Print nothing except the lines of the listing below from the line with "Welpen warten auf" to the line with "Zwei Drittel aller", each exactly as written, both ends included.

▶ _Supplied entries_
□ □ □

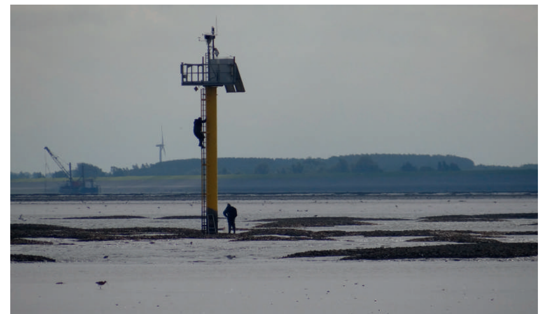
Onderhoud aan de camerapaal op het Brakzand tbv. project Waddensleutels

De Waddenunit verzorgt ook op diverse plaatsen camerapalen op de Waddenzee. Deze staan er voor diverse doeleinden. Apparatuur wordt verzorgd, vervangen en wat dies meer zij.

□ □ □

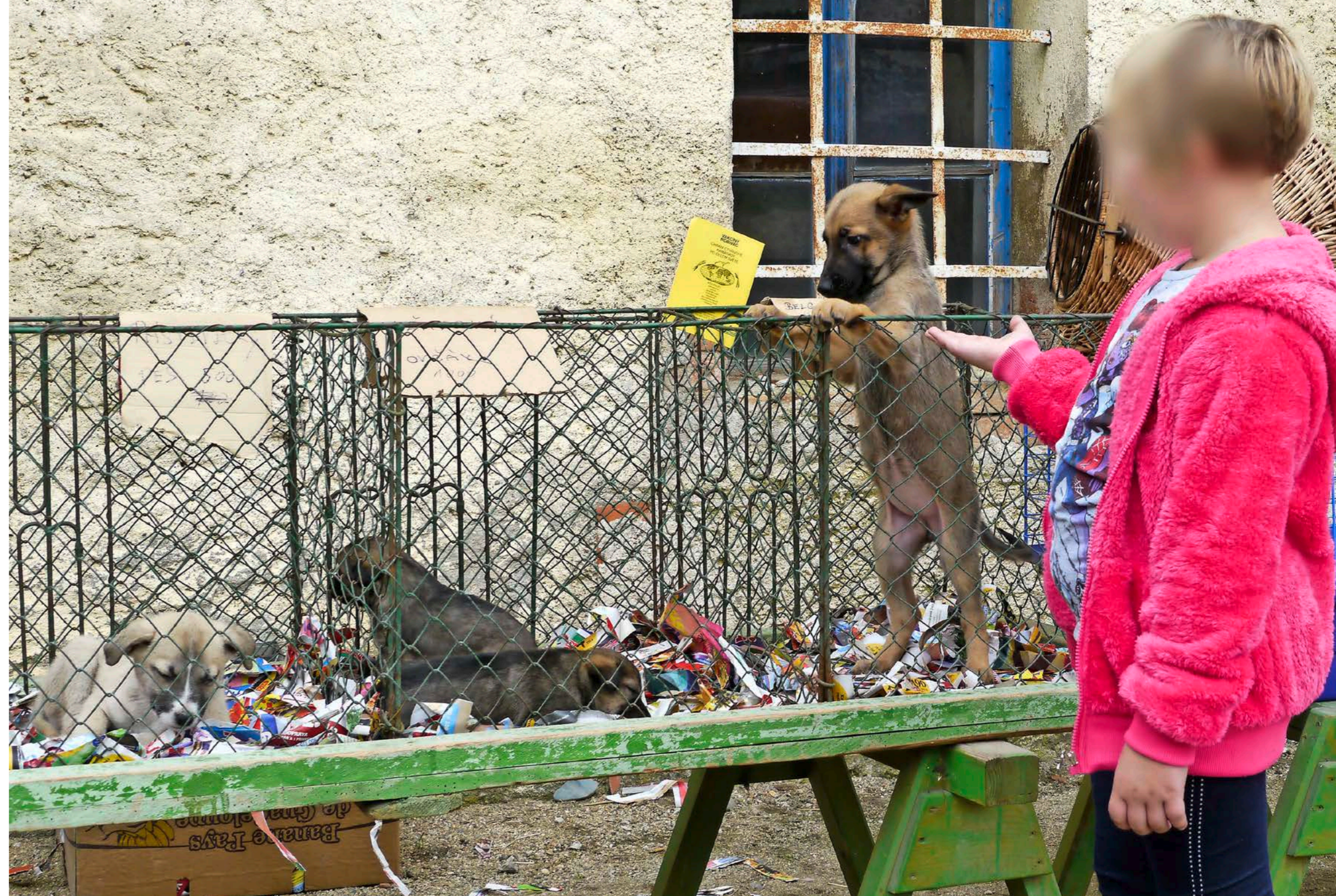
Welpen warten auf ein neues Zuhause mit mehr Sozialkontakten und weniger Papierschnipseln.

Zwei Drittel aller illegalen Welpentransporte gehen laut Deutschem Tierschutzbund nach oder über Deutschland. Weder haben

□ □ □

▶ _Exercise output_
Welpen warten auf ein neues Zuhause mit mehr Sozialkontakten und weniger Papierschnipseln.

Zwei Drittel aller illegalen Welpentransporte gehen laut Deutschem Tierschutzbund nach oder über Deutschland. Weder haben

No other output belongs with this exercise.